Apalagi, kata Syamsinar, UMKM sangat berkontribusi besar dalam meningkatkan perekonomian daerah, sehingga sudah sewajarnya pemerintah juga ikut hadir membantu pelaku usaha dalam mengembangkan dan menguatkan kapasitas bisnisnya.

“Pelatihan hari ini juga akan menjadi momentum untuk melihat sejauh mana pelaku usaha di Bombana memiliki kekuatan maupun kapasitas dalam produknya,” ujarnya.

 

Untuk diketahui, selama workshop pengembangan desain produk ekonomi kreatif, para peserta membawa serta produk UMKM-nya. Selain dipamerkan, produk-produk mereka ikut diberikan masukan menyangkut kekurangan maupun item yang penting ditambahkan dalam pengembangan produk.

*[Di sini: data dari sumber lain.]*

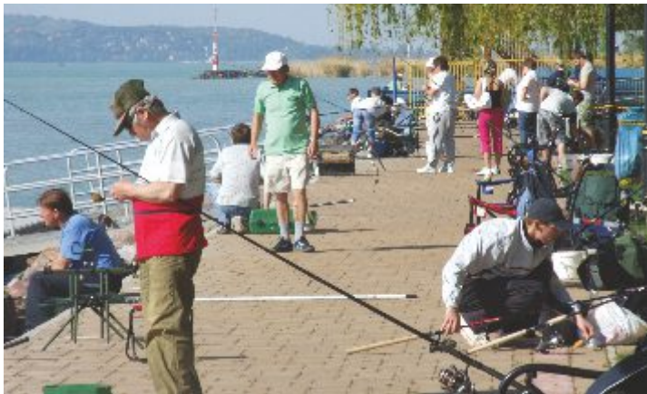
Pecások egymás közt

Para peserta juga memanfaatkan kegiatan tersebut dengan berkonsultasi langsung dengan pemateri menyangkut strategi mengembangkan usaha mereka.

Turut hadir dalam pembukaan kegiatan Asisten Bidang Perekonomian dan Pengembangan Pemerintah Daerah Bombana Muhammad Aris, Kepala Dinas Pariwisata Bombana Anisa Sri Prihatin, Kepala Bidang Ekraf Dispar Bombana Ramang bersama, serta tamu undangan lainnya.